FXStreet (Delhi) – Research Team at Societe Generale, suggest that Euro has become a ‘funding currency’ that is liable to appreciate sharply in times of risk aversion and turmoil like the yen.
Key Quotes
“Concerns about emerging market slowdown and persistent monetary policy uncertainty have delivered weaker equities across Europe and are threatening to do the same in the US. Are the yen and Euro up because we’re ‘risk off’ or because the Fed has successfully fired a volley in the fight against a strong currency – the dollar’s down against everything this week except for the Brazilian real, the Indonesian Rupiah and the Israeli Shekel.”

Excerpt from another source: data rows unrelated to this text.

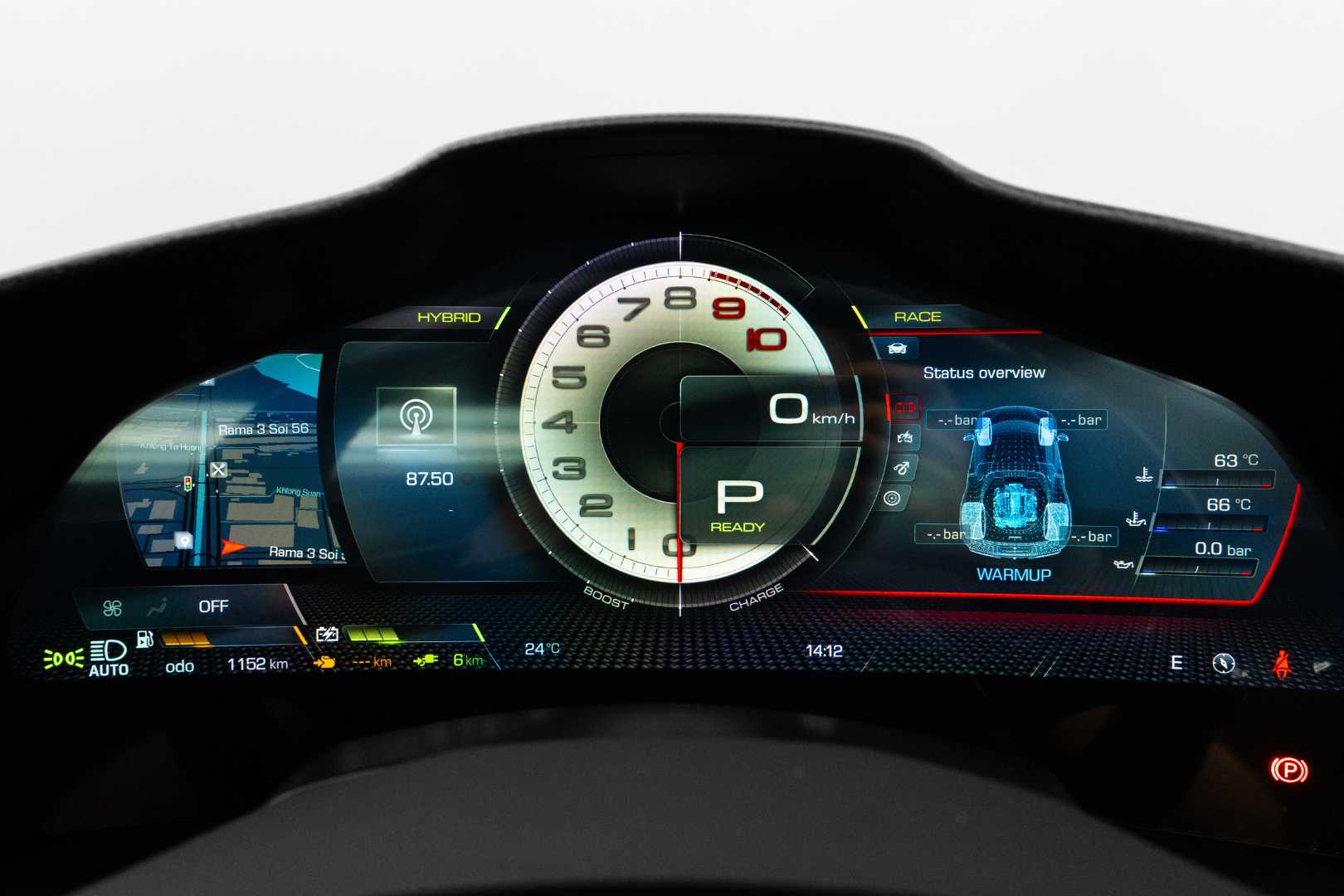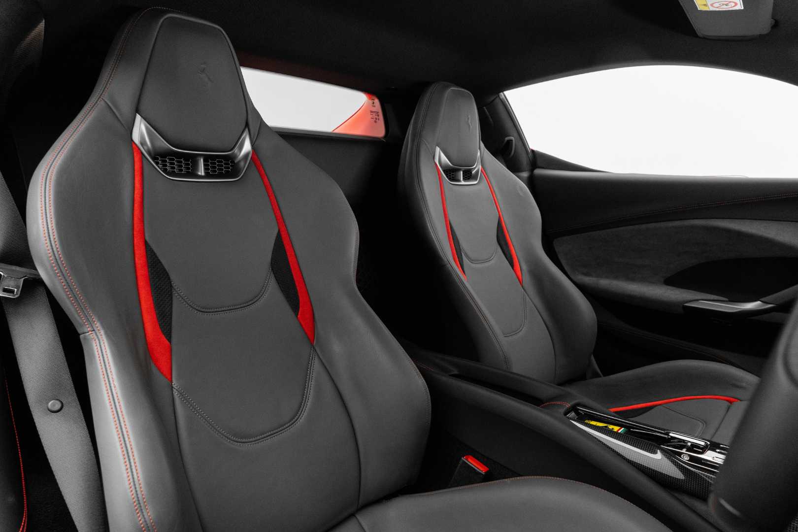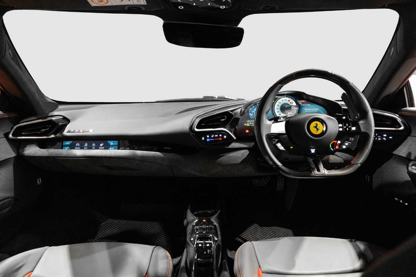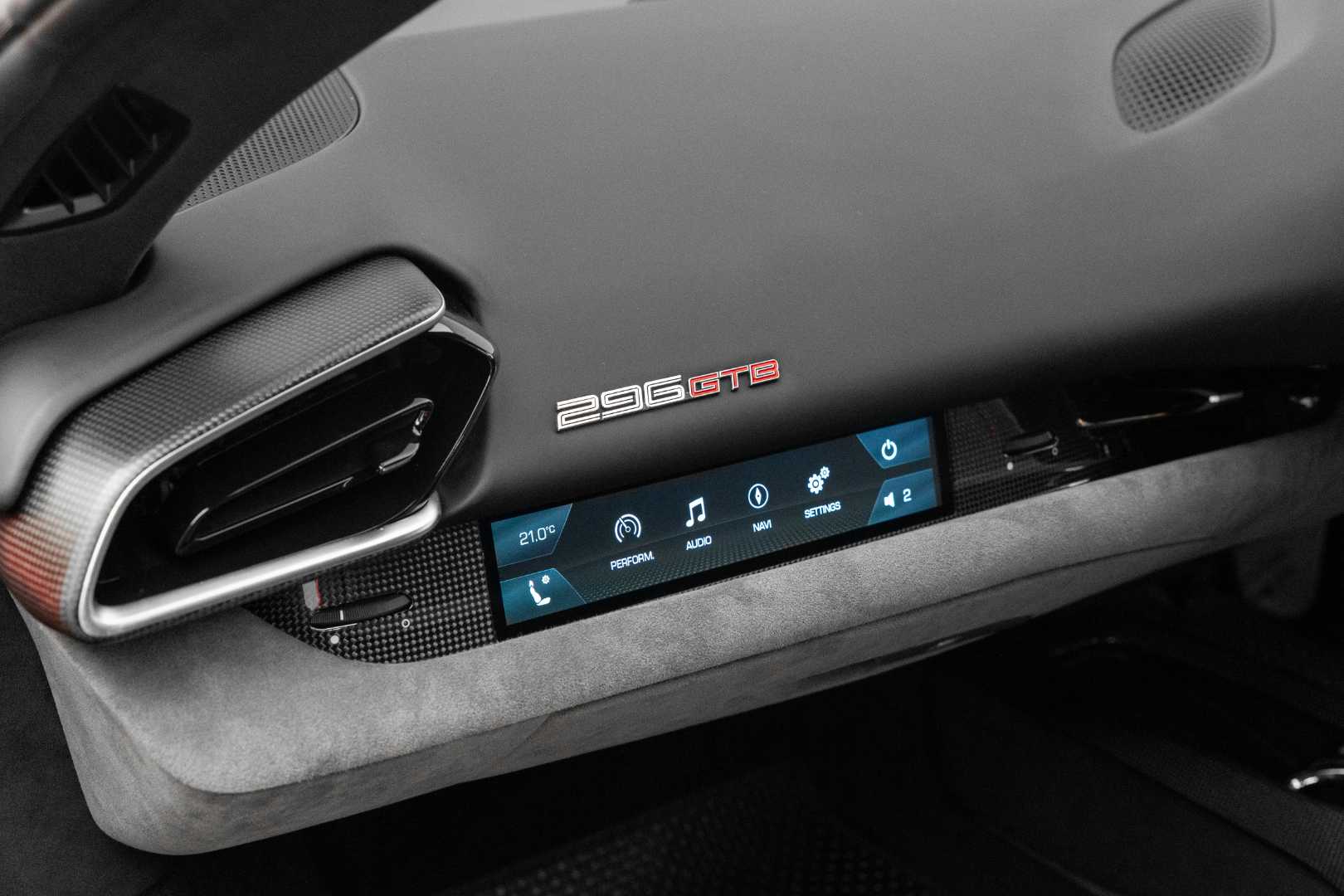 Inside the cabin, the 296 GTB is clearly driver-focused. The digital instrument cluster features graphics inspired by the classic Ferrari Dino, while the retro-style gear selector echoes that of the SF90. There is also a small horizontal display on the dashboard dedicated to passenger information.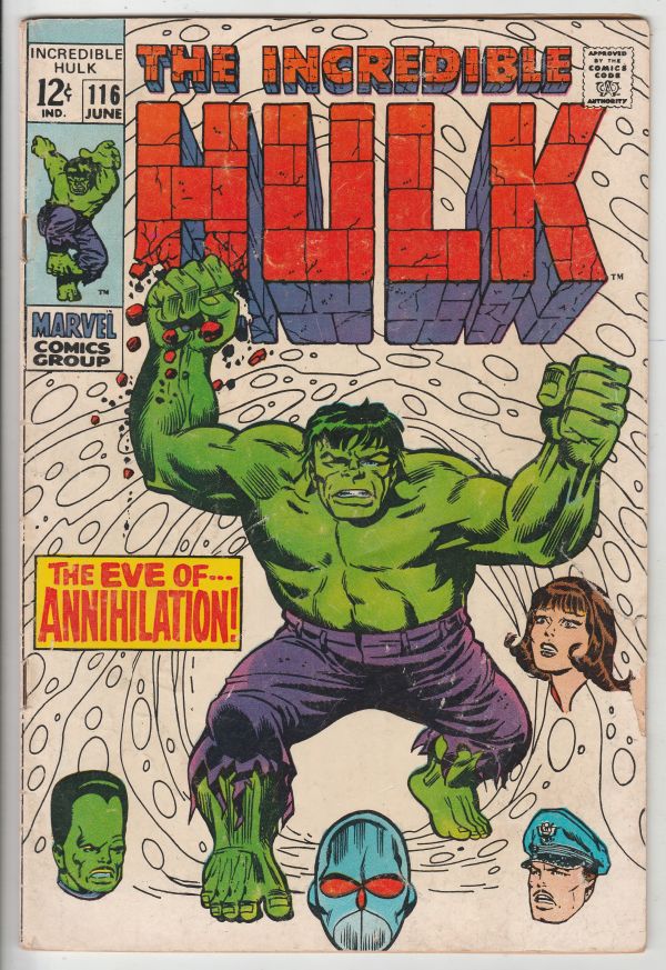 Incredible Hulk #116 - The Eve of Annihilation! APPEARANCE - The Leader ARTIST - Herb Trimpe This book has deep rich color and decent eye-appeal. There is a thin tape-seal at the inside front cover's outer-edge w ... Read More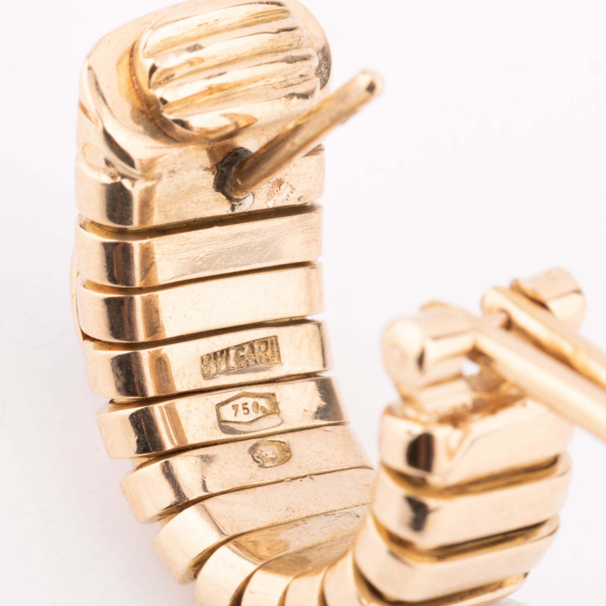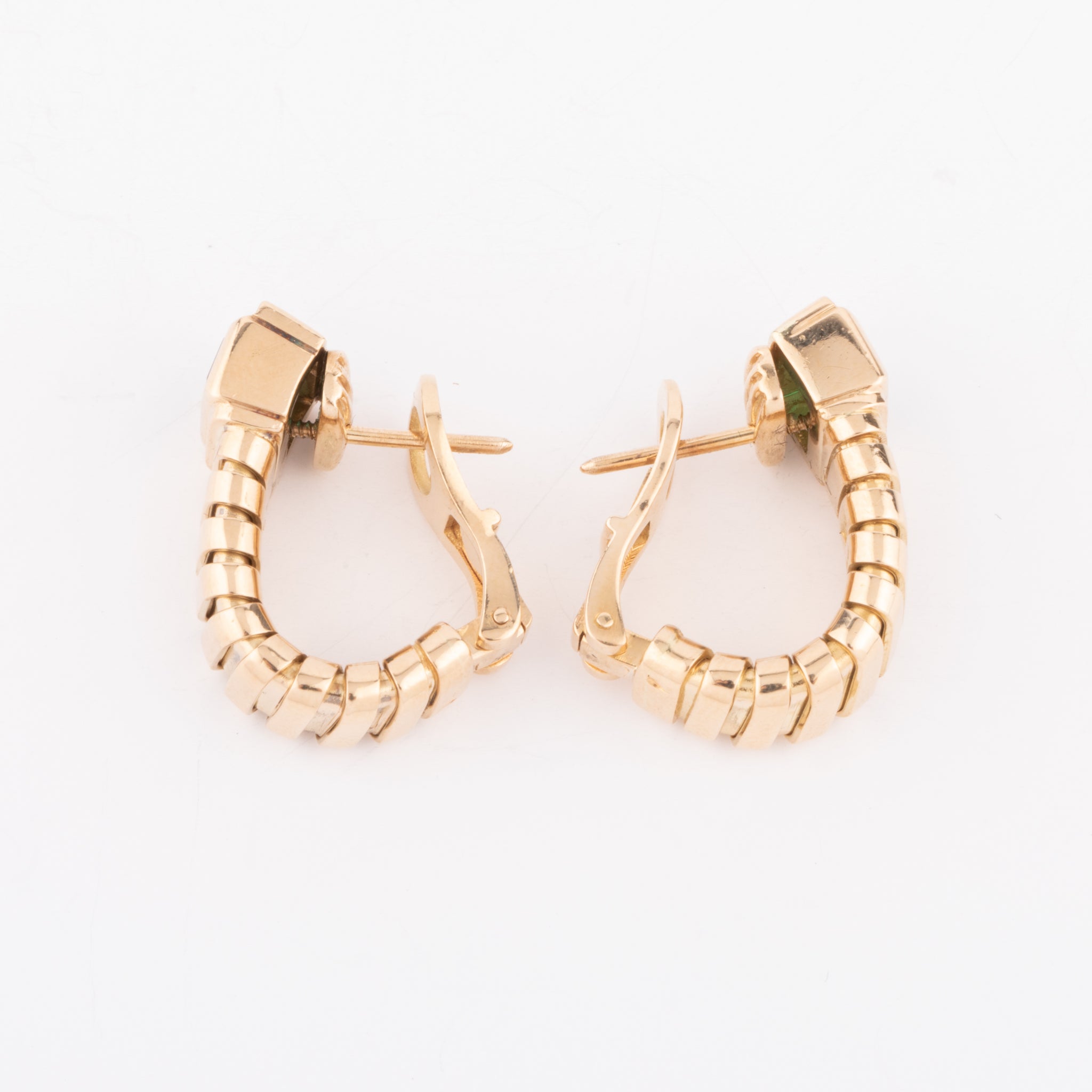 Boucles d'oreilles de la maison Bvlgari Tubogas sur or jaune ornée de 2 émeraudes calibrées sur chaque boucle d'oreille.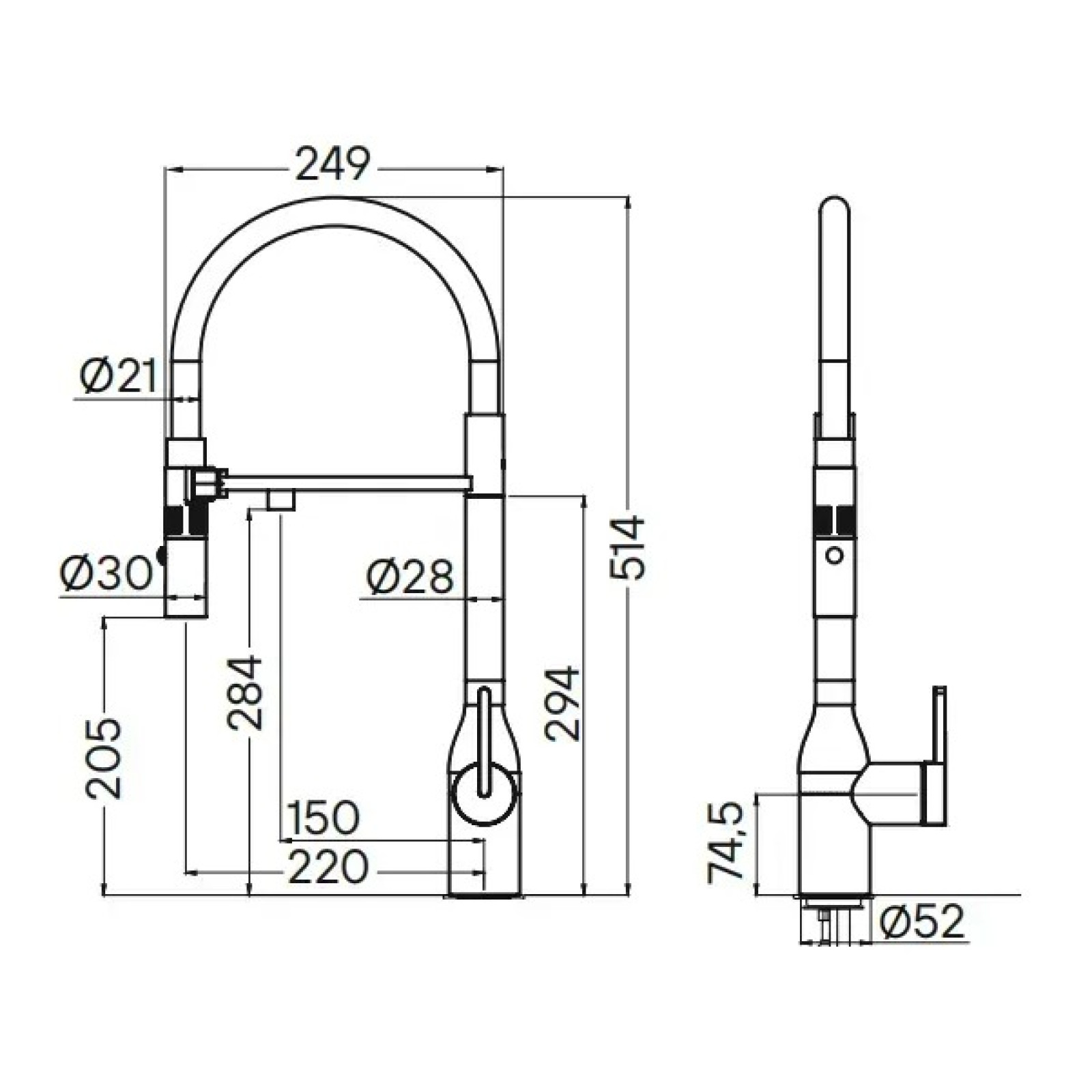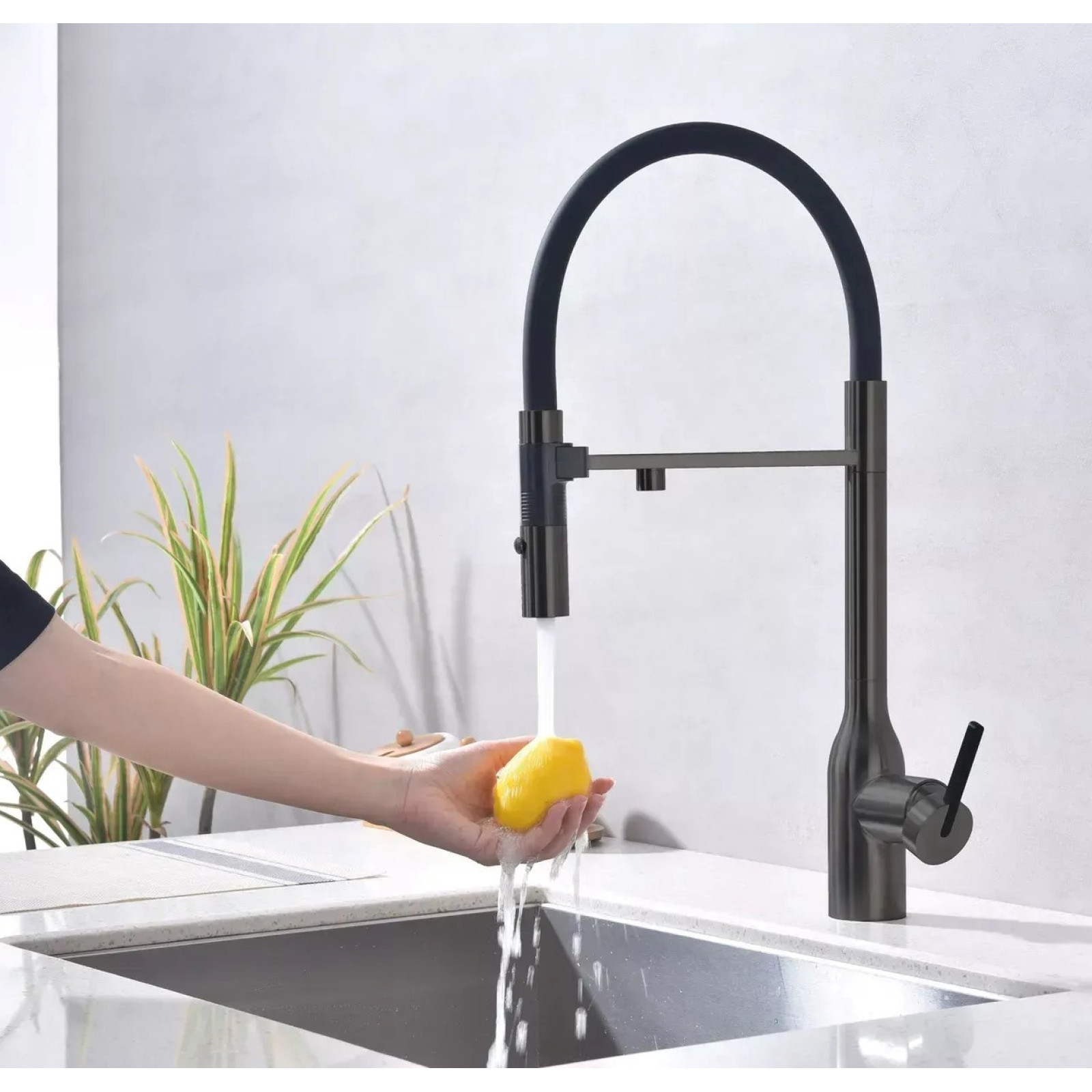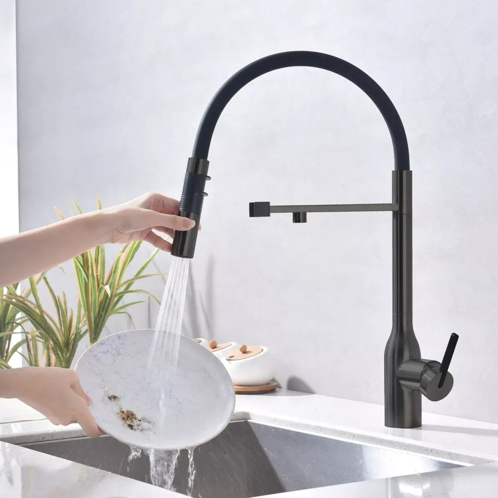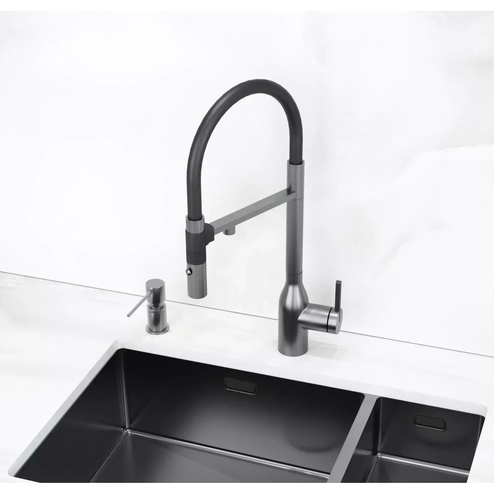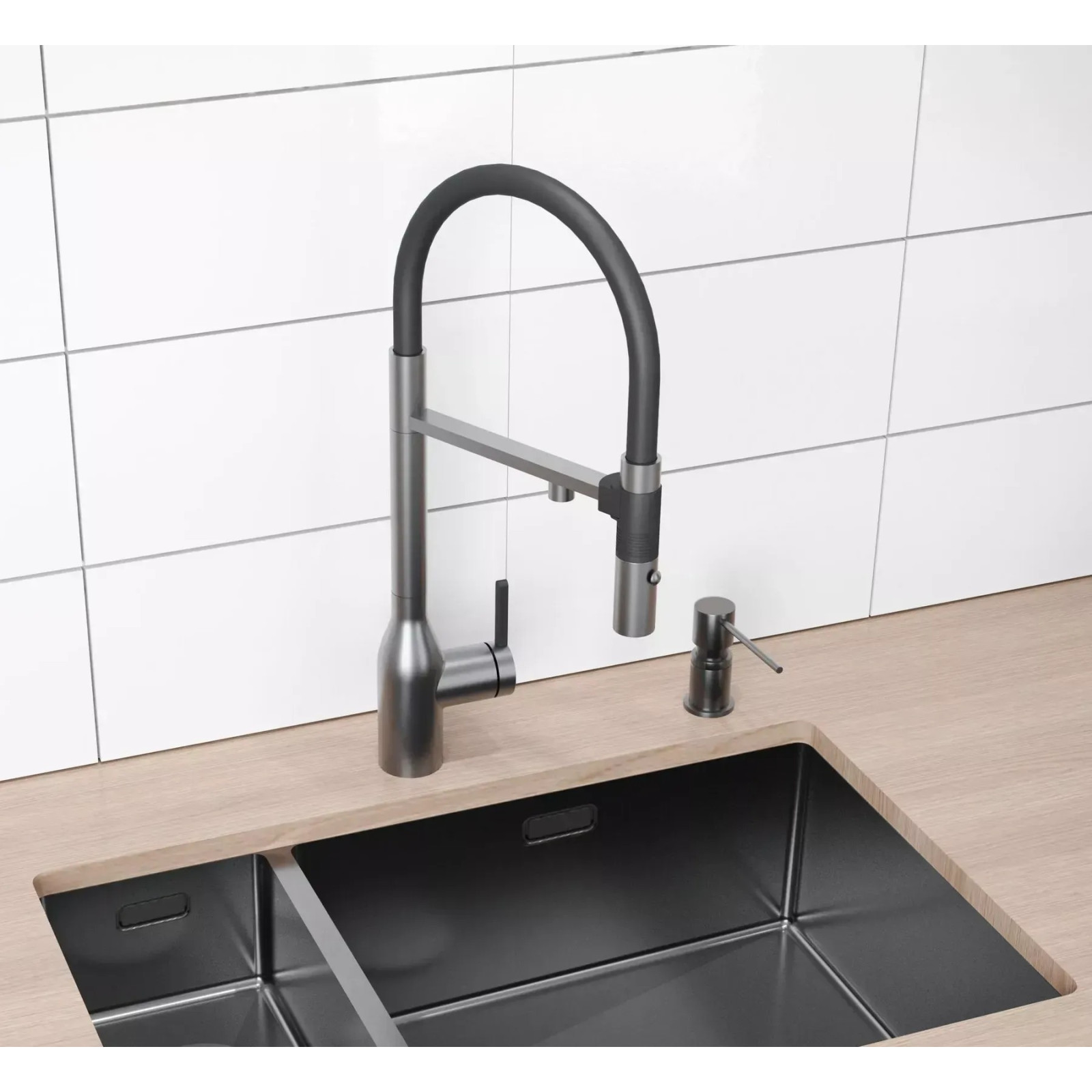 Bateria combinată de bucătărie Fabiano FKM 3129 Black Steel 3 in 1 cu gura de scurgere inalta intr-o carcasa din silicon. Racordarea apei calde, reci si a apei purificate de la filtru. Bateria dispune de o singură manetă de control cu un cartuș ceramic multifuncțional cu disc în trei poziții, care asigură o comutare precisă între modurile de debit al apei. De asemenea, este dotată cu un aerator din plastic NEOPERL 2 în 1, care economisește energie (mod pulverizare obișnuită sau duș). Furtunurile flexibile se extind pe o lungime de 50 cm. Gura pivotantă la 360° asigură poziționarea perfectă a jetului de apă în chiuvetă. Gaura de montare este de 35 mm.

“The big swing factor is that in the last 12 months, European investors have bought Eur 33bn in long-dated foreign bonds, compared to Eur 147bn in the same period a year ago, while foreigners have bought Eur 94bn in European bonds, compared to 180bn a year ago.”
“ECB QE and interest rate policies are pushing money out in search of yield elsewhere, while squeezing foreign investors out. There’s still a substantial inflow into equities (EUR 220bn in the last year) but that too is tailing off from a peak of Eur 328bn in the year to March.”
“None of this is necessarily going to tell us where the Euro is heading, but it does show how it is ECB policy that drives the Euro down, while periods of risk aversion can send it up. The correlation between EUR/USD and relative EU/US short rates has weakened and the correlation with risk aversion measures like VIX has either fallen or changed sign.”